Eliminate Alarms, Adjust Parameters

translator_bot · June 21, 2024, 5:23pm

Note:
This topic has been translated from a Chinese forum by GPT and might contain errors.

Original topic: 消除告警，调整参数

| username: TiDBer_Y2d2kiJh

[TiDB Usage Environment] Production Environment / Testing / PoC
[TiDB Version] v5.4.0 3tidb 3pd 3tikv
[Reproduction Path] The monitoring indicates TiDB_tikvclient_backoff_seconds_count[10M]>10. This warning does not affect the business but occurs frequently.
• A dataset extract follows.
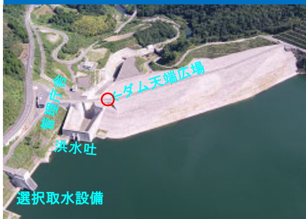
ななせダム上流側上空からの近景

How can I eliminate this warning, and how can I increase the TiDB_tikvclient_backoff_seconds_count parameter?
[Encountered Problem: Problem Phenomenon and Impact]
[Resource Configuration] Go to TiDB Dashboard - Cluster Info - Hosts and take a screenshot of this page
[Attachment: Screenshot/Log/Monitoring]

translator_bot · June 21, 2024, 5:23pm

| username: Fly-bird | Original post link

Modify the parameters in the /tidb-deploy/prometheus-8249/conf/tidb.rules.yml file

labels:
env: tsp-prod-tidb-cluster
level: warning
expr: increase(tidb_tikvclient_backoff_seconds_count[10m]) > 10

Then restart the Prometheus service

`TiDB_tikvclient_backoff_seconds_count`

Alert rule: increase(tidb_tikvclient_backoff_seconds_count[10m]) > 10
Rule description: The number of retries initiated when TiDB encounters an error accessing TiKV. If the number of retries exceeds 10 within 10 minutes, an alert is triggered.